From 678a8060d4e58b88c0b09ce21448aa5288572dcf Mon Sep 17 00:00:00 2001
From: jjanezhang <jane.zhang@databricks.com>
Date: Wed, 3 Jul 2024 15:07:12 -0700
Subject: [PATCH 02/10] merged main

---
 .../callbacks/curriculum_learning_callback.py | 150 +++++++++++++++++-
 scripts/data_prep/convert_delta_to_json.py    |   6 +-
 scripts/data_prep/convert_text_to_mds.py      |  37 ++---
 scripts/train/train.py                        |   4 +-
 4 files changed, 164 insertions(+), 33 deletions(-)
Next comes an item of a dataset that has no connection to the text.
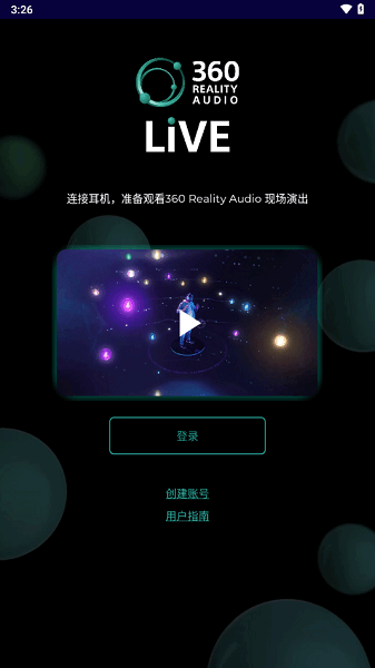 360 reality audio live官方版是一款音频处理播放的流媒体音频工具,一键注册创建账号登录,连接智能耳机设备使用,随时在线观看360 Reality Audio现场演出,带来360临场音效,自由设置管理,给人3d沉浸式的音频体验,全方位环绕!

diff --git a/llmfoundry/callbacks/curriculum_learning_callback.py b/llmfoundry/callbacks/curriculum_learning_callback.py
index 961bf1cae1..e0b1efa99a 100644
--- a/llmfoundry/callbacks/curriculum_learning_callback.py
+++ b/llmfoundry/callbacks/curriculum_learning_callback.py
@@ -16,7 +16,10 @@
 from torch.utils.data import DataLoader
 
 from llmfoundry.interfaces import CallbackWithConfig
-from llmfoundry.utils.warnings import experimental_class
+from llmfoundry.utils.exceptions import (
+    BaseContextualError,
+    TrainDataLoaderLocation,
+)
 
 log = logging.getLogger(__name__)
 
@@ -45,9 +48,148 @@ def __init__(self, train_config: Dict, dataset_index: int):
     def before_load(self, state: State, logger: Logger):
         del logger
 
-        # Save the current dataset state so we can restore it correctly
-        # if we are resuming with a new dataset.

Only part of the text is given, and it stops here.